Und jetzt wieder zurück zu Fragility, also Zerbrechlichkeit oder Abled Fragility. Der Begriff Fragility kommt ursprünglich aus der Antirassismusarbeit, da wird er als "white Fragility" benutzt und in jedem Fall geht es aber um die Zerbrechlichkeit und Verletzlichkeit und zwar von der Person, die etwas Diskriminierendes gesagt hat oder sich Diskriminierend verhalten hat.
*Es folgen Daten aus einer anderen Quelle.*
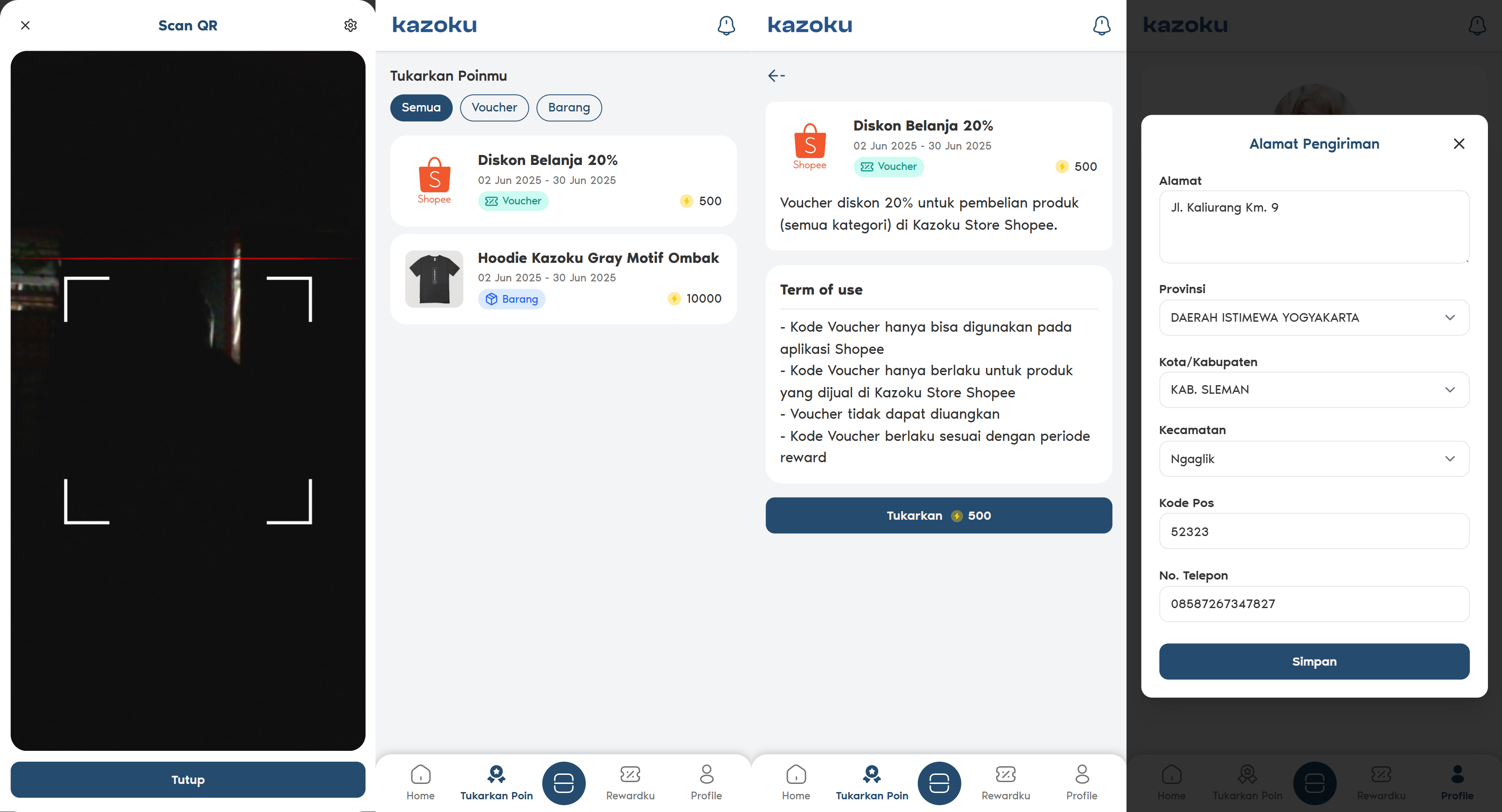 Aplikasi ini memungkinkan pelanggan mengumpulkan poin dari setiap pembelian produk melalui pemindaian QR code, yang kemudian dapat ditukarkan dengan reward seperti voucher diskon atau barang. Sistem ini bertujuan untuk mendorong pembelian berulang dan membangun loyalitas jangka panjang, dengan cara membuat pelanggan yang sudah pernah berbelanja terdorong untuk kembali lagi.
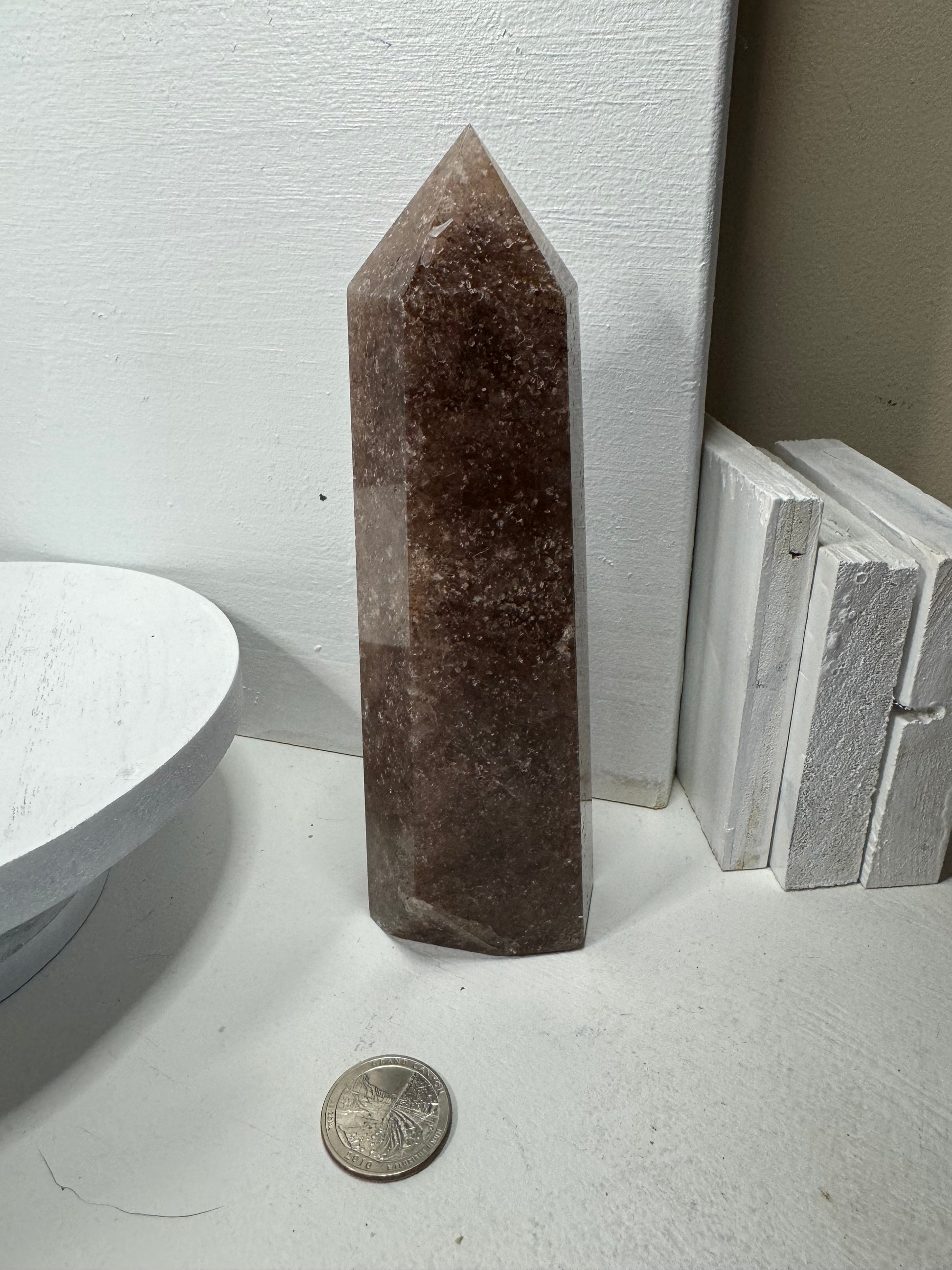 Elevate your spiritual journey with our Strawberry Quartz Tower, a mesmerizing gemstone infused with the loving energies of the heart and the transformative power of spiritual growth. Each tower radiates the gentle vibrations of unconditional love, harmony, and inner wisdom, inviting you to embark on a path of self-discovery and personal transformation.
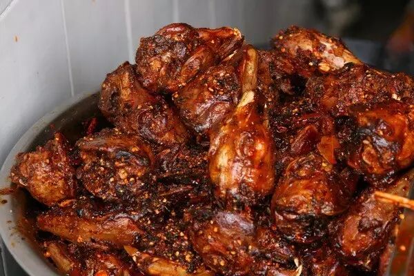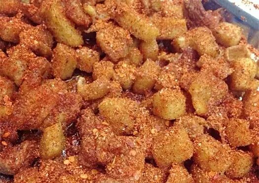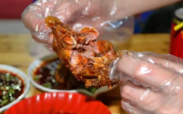 一个超大盘子装的兔头,是烤的,烤了后再上料。刚开始吃的时候会觉得很干,有点吃不惯。后头就越吃越香,越吃越好吃,越吃越停不下来。还有兔腿可以买!![]()

Was bedeutet das? Also unser Beispiel von eben,: eine Person sagt dir, dass du etwas gesagt oder getan hast, womit sie sich diskriminiert fühlt. Also du hast bewusst oder höchstwahrscheinlich unbewusst eine Person in einer Situation gebracht, die sie als diskriminierend empfunden hat und auch anspricht. Was passiert dann? Wahrscheinlich bist du total getroffen und verletzt, vielleicht auch beschämt. Deine spontanen Reaktionen, deine Gefühle sind eventuell heftig, du möchtest dich rechtfertigen, erklären, relativieren, es ist dir unglaublich peinlich. Du bist total getroffen und auch vielleicht total sauer oder genervt. Du willst keinen Fehler gemacht haben? Du doch nicht. Hast dich doch schon so viel damit beschäftigte, mit Diskriminierungen und bist ein rücksichtsvoller Mensch.
Außerdem, du willst, dass die Person dich nicht ablehnt, dich mag und so weiter. Ein breites Gefühlsspektrum.
Was tun? Tupuca Ogette, Autorin und langjährig in der Bildungsarbeit gegen Rassismus tätig, hat das in ihrem Buch "und jetzt du" in dem Kapitel "entdecke deine Zerbrechlichkeit" mal zusammengefasst.
Sehr hilfreich, finde ich.
Der Text bezieht sich zwar auf Rassismus, aber Vieles, was im Zusammenhang mit Rassismus oder Sexismus entwickelt wurde, passt nahtlos auch zu anderen Diskriminierungsformen, auch zu Ablesimu.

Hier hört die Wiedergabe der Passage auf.